• [WHAT THE EXERCISE ASKS]
In the entries below, find the line with "Mężczyzna kierujący fiatem" and the line with "триггеры. Наиболее распространены", then retype both and everything between them exactly. Do not copy the pictures.

• [GIVEN ENTRIES]

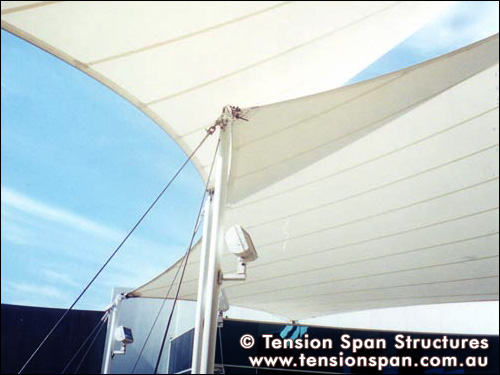 The wall attachment is a series of short SS Cables connecting to a catenary edge to both membranes. The overlap was designed to add an element of weather proofing and play of light and shade.
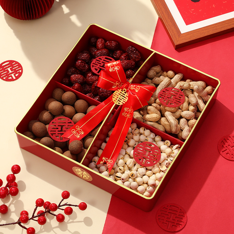 結婚式のベッドの装飾品、ドライフルーツの組み合わせ、フルーツプレート、婚約装飾、四角いドライフルーツボックス、プレスベッド
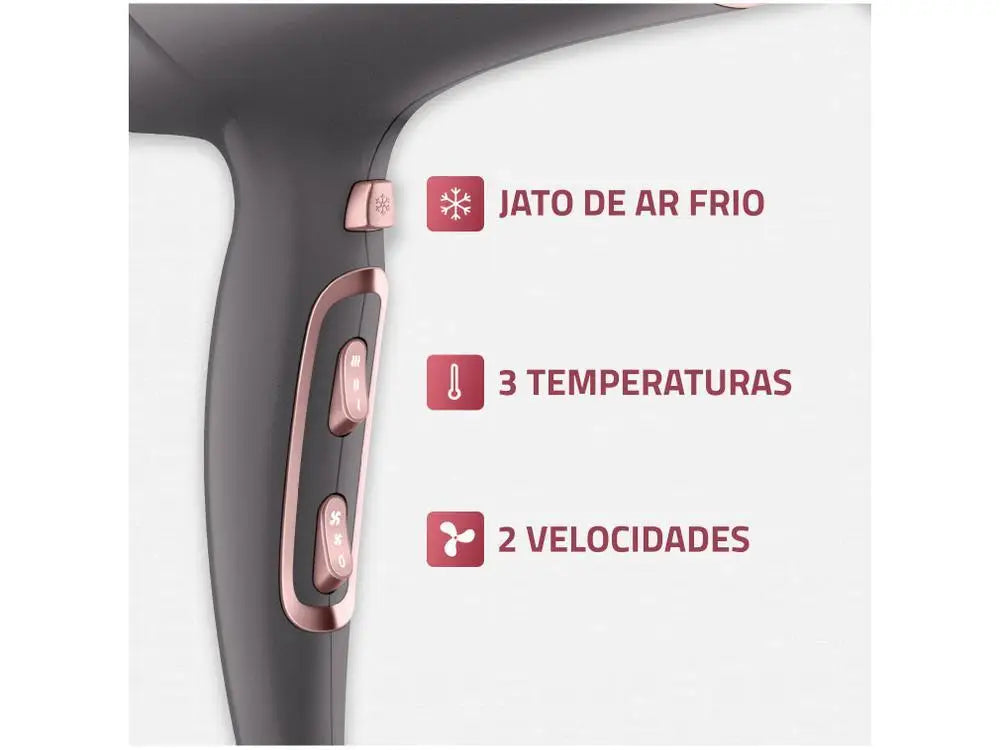 🎨 Design Elegante e Funcional: Disponível nas cores Graphite e Rosé, é um secador que combina beleza e praticidade, com uma grade cerâmica que distribui o calor de maneira uniforme, minimizando danos.
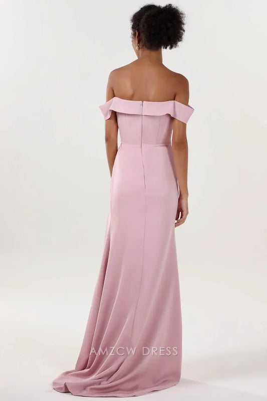 Elegant Off-Shoulder Ruched Satin Mermaid Maxi Dress with Train Prom Dress
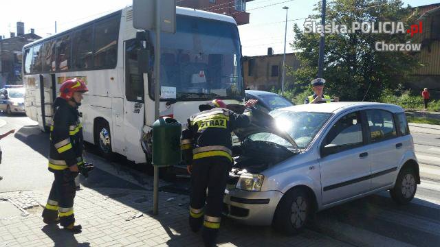 Mężczyzna kierujący fiatem panda z urazem nogi trafił do szpitala. Wg ustaleń chorzowskich policjantów, 67-latek jadąc ul. Armii Krajowej skręcił w ul. Wyspiańskiego, nie ustępując pierwszeństwa przejazdu prawidłowo jadącemu kierowcy autobusu turystycznego. W konsekwencji doszło do groźnego wypadku.
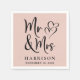 Moderne, personalisierte, rosa Servietten für Ihren Hochzeitsempfang oder andere Hochzeitsfeiern mit "Mr. & Mrs." geschrieben in einem großen eleganten Drehbuch und einer Illustration von zwei Herzen vereint. Geben Sie Ihren Namen und Ihr Hochzeitstermin ein.
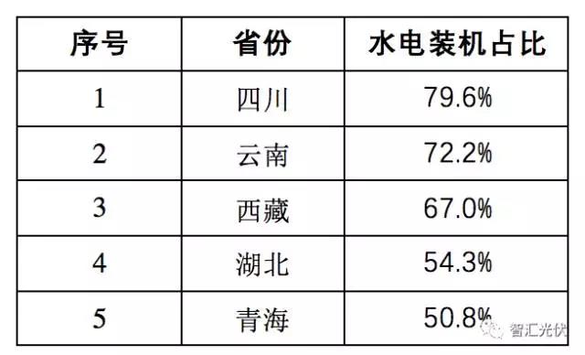 截至2016年底,全國(guó)各省水電累計(jì)裝機(jī)占比超過50%以上的省份如下表。
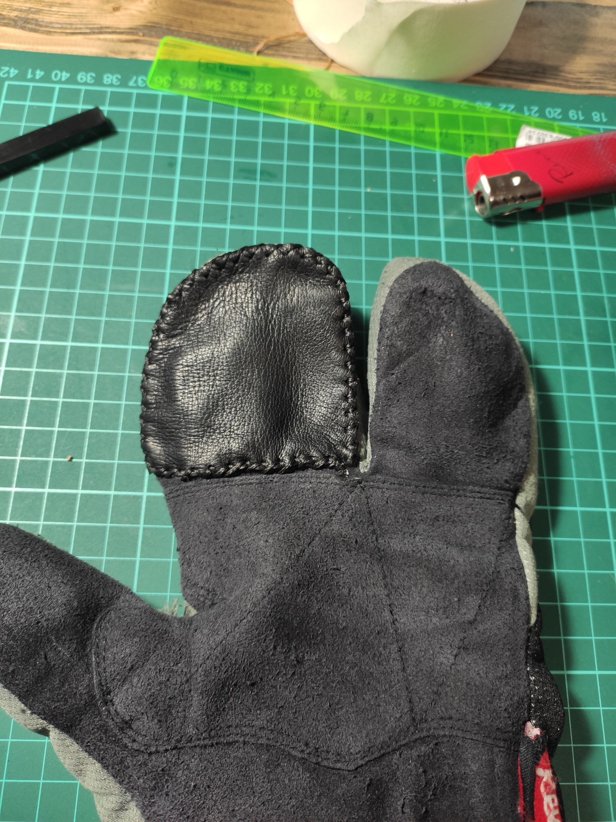 Порвались тренировочные лыжные перчатки( Посмотрев цены на новые, решил что проще и бюджетнее отремонтировать свои. В закромах была найдена одиночная кожаная печатка и благополучно распорота.
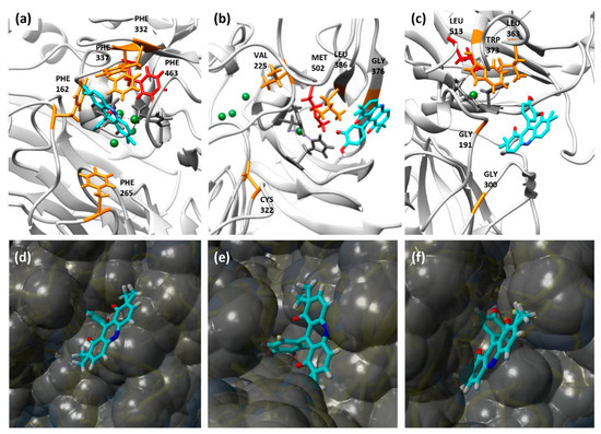 Models of DHP5 interacting with laccases TvLacc (a,d), BacillusLacc (b,e) and Novozym 51003 (c,f). (a–c) The interaction model of DHP5 with the tested laccases. Ligand is coloured in cyan, copper atoms are coloured in green, equatorial T1 copper ligands are coloured in dark grey, an axial copper ligand is coloured in red, binding pocket residues are coloured in orange. (d–f) The surface binding model of DHP5 with the tested laccases.
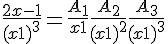 Et là, en suivant la méthode, j'arrive à déterminer un des coefficients en multipliant mon équation par (x+1)^3 et en remplaçant x par -1, ce qui me donne A_3 = -3.
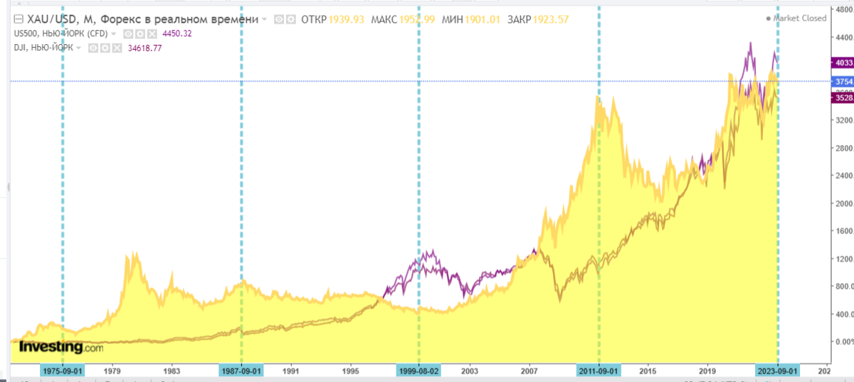 Ну а события 2011-2023гг нам и самим известны: бурное надувание пузыря в стоках и огромный 12-летний супербоковик в золоте:
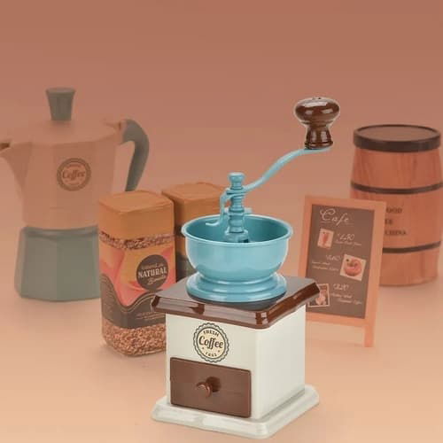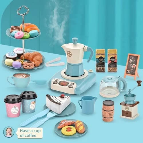 Sada obsahuje vše potřebné, aby si děti mohly hrát na přípravu a podávání kávy, včetně espresso stroje, kávových hrnků, talířků, a dokonce i uměleckých dortíků.
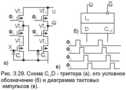 триггеры. Наиболее распространены триггеры двух- и четырехфазного действия. Схемы КТ выполняются с применением меньшего числа МДП-транзисторов, чем это необходимо для построения аналогичных триггеров статического типа. Сравнительная простота построения КТ позволяет выполнить их как на МДП-транзисторах p-типа, так и на дополняющих МДП-транзисторах (КМДП).
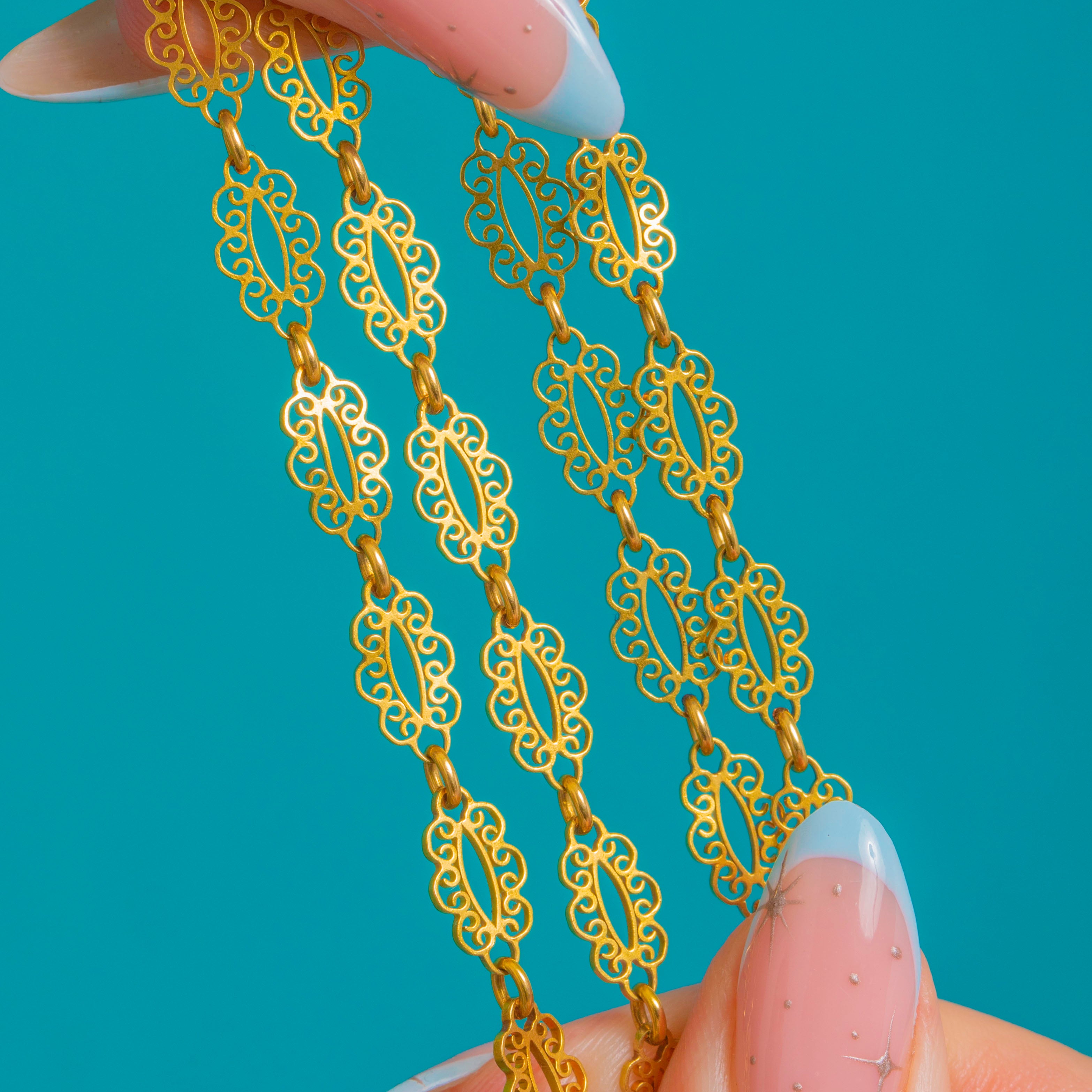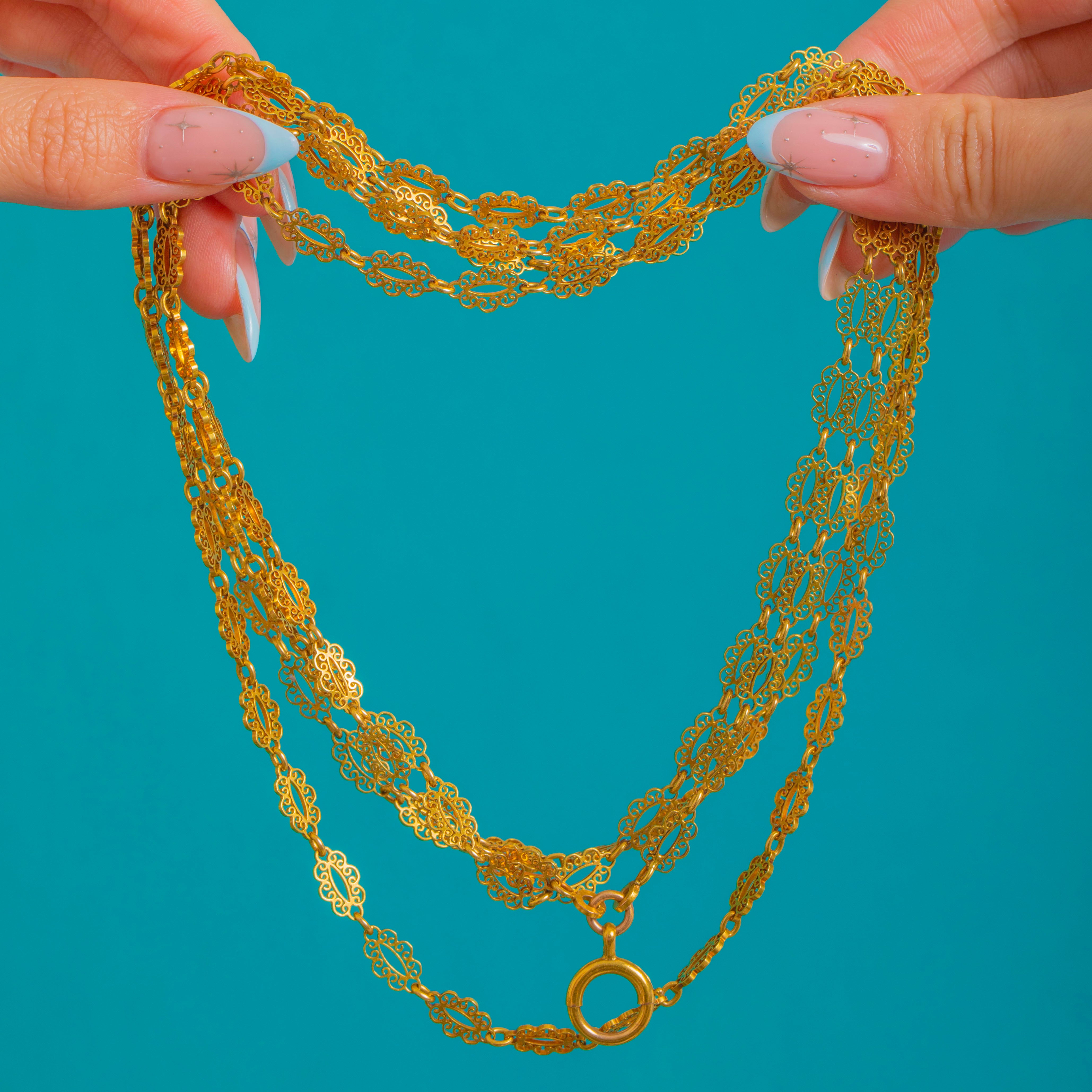 精緻なVictorian期フランス製十八金細工のガードチェーン。繊細な透かし細工のプレートが連なり、優美な唐草模様が流れるように配されています。レースのようなリンクが美しく連動し、上品で軽やかなシルエットを描き出し、繊細さと贅沢さを兼ね備えています。

• [REPLY TO THE EXERCISE]
 Mężczyzna kierujący fiatem panda z urazem nogi trafił do szpitala. Wg ustaleń chorzowskich policjantów, 67-latek jadąc ul. Armii Krajowej skręcił w ul. Wyspiańskiego, nie ustępując pierwszeństwa przejazdu prawidłowo jadącemu kierowcy autobusu turystycznego. W konsekwencji doszło do groźnego wypadku.
 Moderne, personalisierte, rosa Servietten für Ihren Hochzeitsempfang oder andere Hochzeitsfeiern mit "Mr. & Mrs." geschrieben in einem großen eleganten Drehbuch und einer Illustration von zwei Herzen vereint. Geben Sie Ihren Namen und Ihr Hochzeitstermin ein.
 截至2016年底,全國(guó)各省水電累計(jì)裝機(jī)占比超過50%以上的省份如下表。
 Порвались тренировочные лыжные перчатки( Посмотрев цены на новые, решил что проще и бюджетнее отремонтировать свои. В закромах была найдена одиночная кожаная печатка и благополучно распорота.
 Models of DHP5 interacting with laccases TvLacc (a,d), BacillusLacc (b,e) and Novozym 51003 (c,f). (a–c) The interaction model of DHP5 with the tested laccases. Ligand is coloured in cyan, copper atoms are coloured in green, equatorial T1 copper ligands are coloured in dark grey, an axial copper ligand is coloured in red, binding pocket residues are coloured in orange. (d–f) The surface binding model of DHP5 with the tested laccases.
 Et là, en suivant la méthode, j'arrive à déterminer un des coefficients en multipliant mon équation par (x+1)^3 et en remplaçant x par -1, ce qui me donne A_3 = -3.
 Ну а события 2011-2023гг нам и самим известны: бурное надувание пузыря в стоках и огромный 12-летний супербоковик в золоте:
 Sada obsahuje vše potřebné, aby si děti mohly hrát na přípravu a podávání kávy, včetně espresso stroje, kávových hrnků, talířků, a dokonce i uměleckých dortíků.
 триггеры. Наиболее распространены триггеры двух- и четырехфазного действия. Схемы КТ выполняются с применением меньшего числа МДП-транзисторов, чем это необходимо для построения аналогичных триггеров статического типа. Сравнительная простота построения КТ позволяет выполнить их как на МДП-транзисторах p-типа, так и на дополняющих МДП-транзисторах (КМДП).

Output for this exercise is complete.